Image Source: South China Morning Post
A compelling metaphor used by Nobel Prize winners George Akerlof and Robert Shiller (2010) eloquently describes the functioning of a healthy economy as follows:
“There have to be rules and there has to be a referee who enforces them – and a good and conscientious referee at that. Otherwise there will be random cheating that destroys the sense of the game, and dangerous and aggressive play, so that many people will get hurt and the game will cease to reward good play”.
The role of government intervention in a prospering economy is undeniable – to avoid the unexpected consequences profit-maximising incentives from reaching cataclysmic magnitudes, and to ensure that “good play” remains rewarded, an effective regulatory body must exist. With that in mind, some may argue that a superior strategy would instead be for the government to seize full control over the framework of the economy.

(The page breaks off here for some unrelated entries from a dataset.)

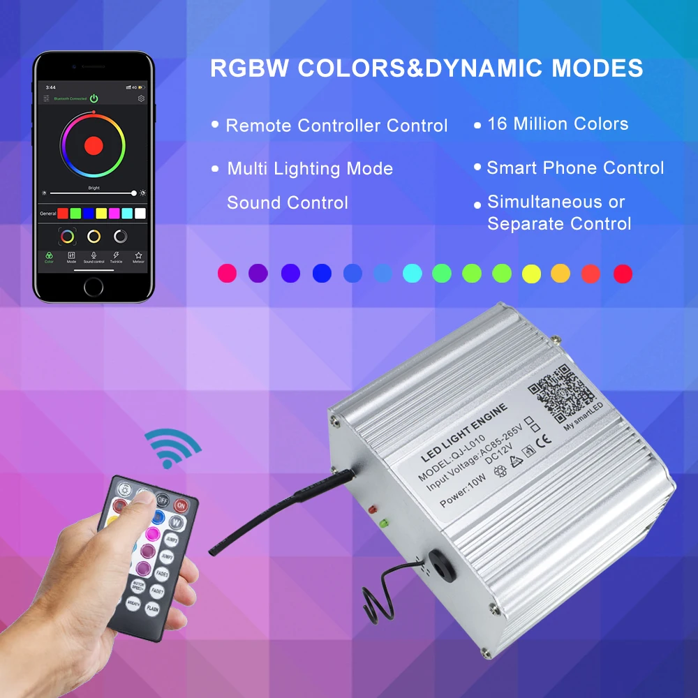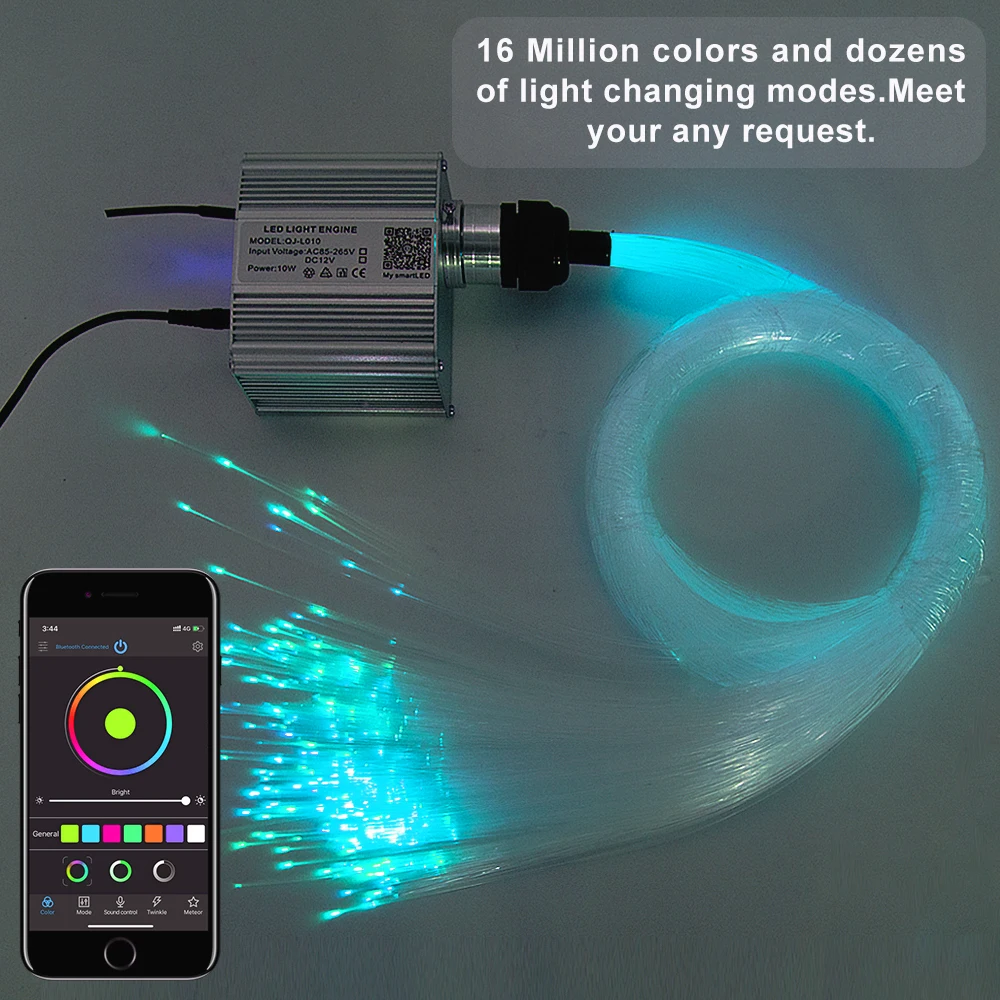 Voiture utilisation Bluetooth app 10W scintillent RGBW Fiber optique moteur léger LED étoilé plafonniers kit 150/200 pièces 0.75mm 2M avec 28key RF.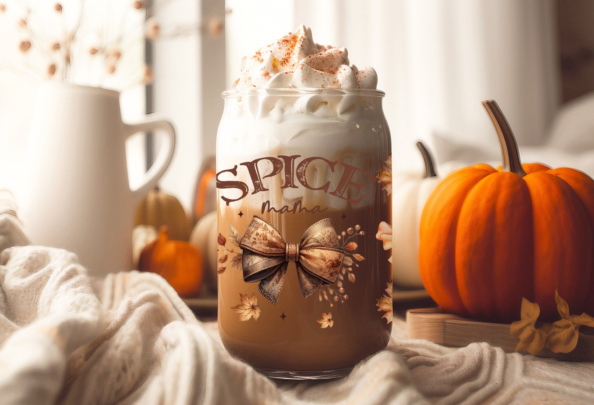 UVDTF Wrap Spice Mama Coquette Bows for 16oz Can Glass or 40oz Tumbler, Ready to apply, Permanent adhesive, DoubleSided option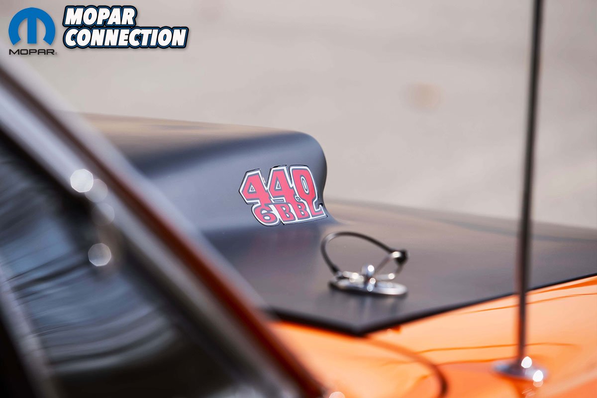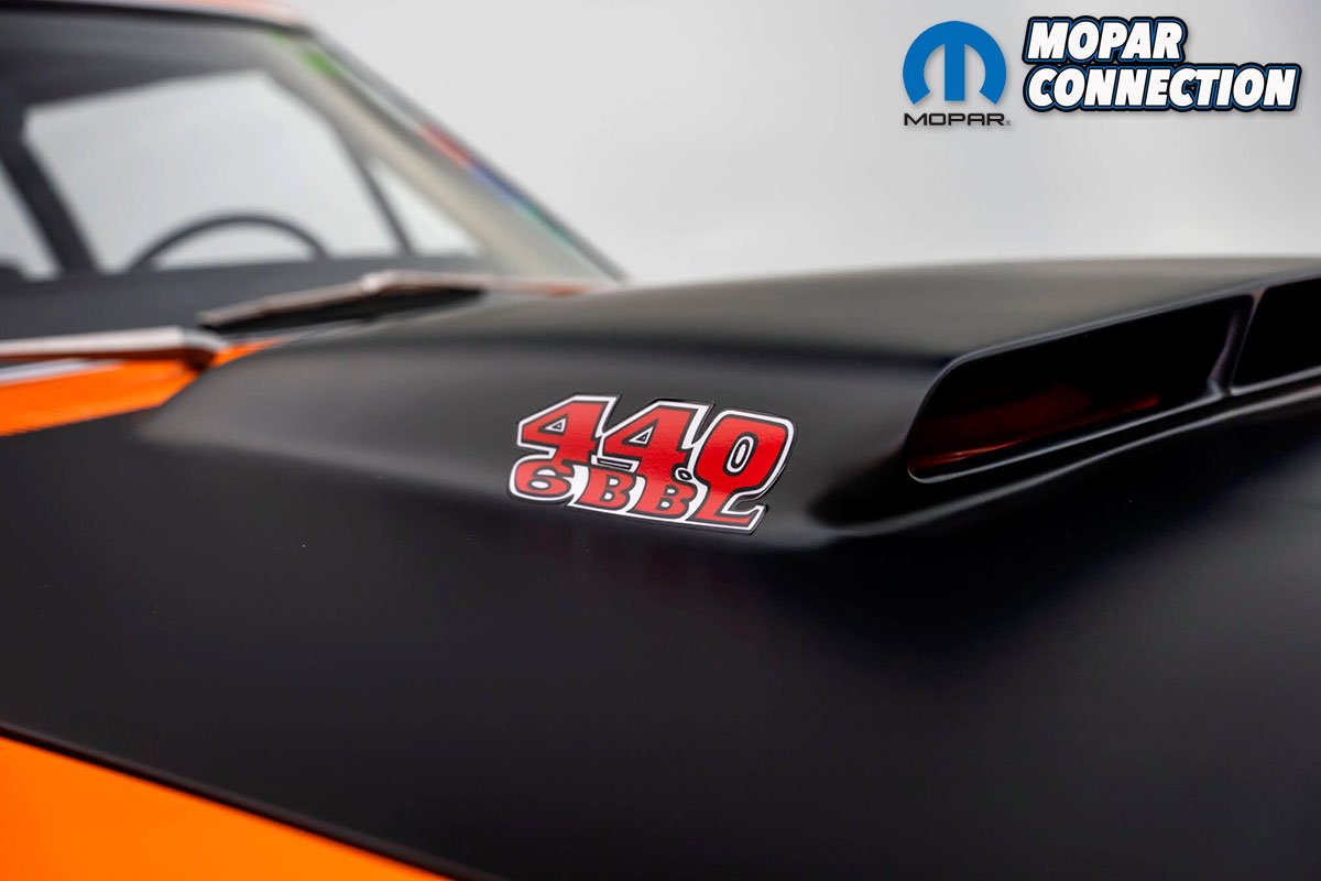 Painted in Vitamin C Orange with a black bench seat interior, it features all of the typical A12 equipment such as the 390 horsepower 440-6 Barrel engine (three Holley 2bbls) under the fiberglass lift off hood, 15×6” black steel wheels, Redline tires and 4.10 geared Dana 60 rear differential. Of course, it also has the legendary Beep Beep horn.

Such “command economies” – those in which the government maintains full control over an economy’s resources – though largely extinct now, became prominent with the rise of the Soviet Union’s sphere of influence in the latter half of the 20th century. Characterised by a “communist” system and dictatorial rule, these economies consisted of state ownership over the means of production: land and capital were distributed by the state, and with all major industries remaining under the control of the state, it virtually acted as the sole employer of labour. Concepts of entrepreneurship and profit became alien in these economies. Instead, there was a great emphasis on allocating resources through setting production quotas. As a result, some may argue the perils that can arise from profit-maximising incentives are eliminated: individuals are no longer incentivised to act in potentially destructive ways to maximise their own utility, but instead act in a way that is endorsed by their government.

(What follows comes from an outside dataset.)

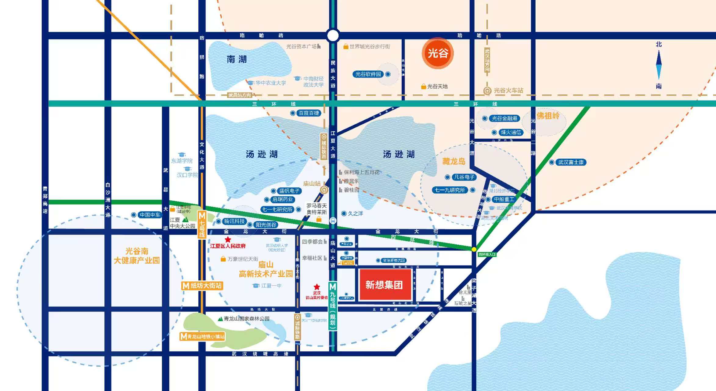 新想集团·江夏智能制造产业园,位于武汉市江夏区庙山开发区花山五路六号(庙山大道与花山北二路交汇处旁),大光谷创新组团—江夏经开区庙山高新技术产业园,汤逊湖畔、北靠光谷,具有集聚光谷创新智造产业链配套,承接科技型企业生产制造转移等功能。

Although many point towards the eventual demise of the Soviet Union as undeniable proof of communism being an inferior ideology, it is hard for the achievements of the USSR to go unnoticed. The Five-Year Plans that began under Joseph Stalin had transformed Russia from a primitive agricultural economy by early 20th century standards to an industrial powerhouse. The first Five-Year Plan alone, lasting between 1928-32, had expanded the USSR’s industry from being the fifth largest in the world to the second, with the US remaining at the top (Riasanovsky and Steinberg, 2011). Within this period, production of capital goods increased by 158%, consumer goods increased by 87% and industrial output increased by 118% (Dobb, 1953). Arguably, only a centralised economy could ever allocate its resources in a way which allowed for these goals to be pursued to such absurd lengths.
Growth and regulation was not the only issue communism attempted to solve - by doing all of the employing itself, the state aimed to eradicate unemployment. Within the first three Five-Year Plans, between 1928-40, the number of workers in industry, construction and transport had roughly tripled, from 4.6 million to 12.6 million (Hunt et al., 2010). Officially, there was no unemployment in the USSR, as the state would allocate jobs to every individual of working age in its population.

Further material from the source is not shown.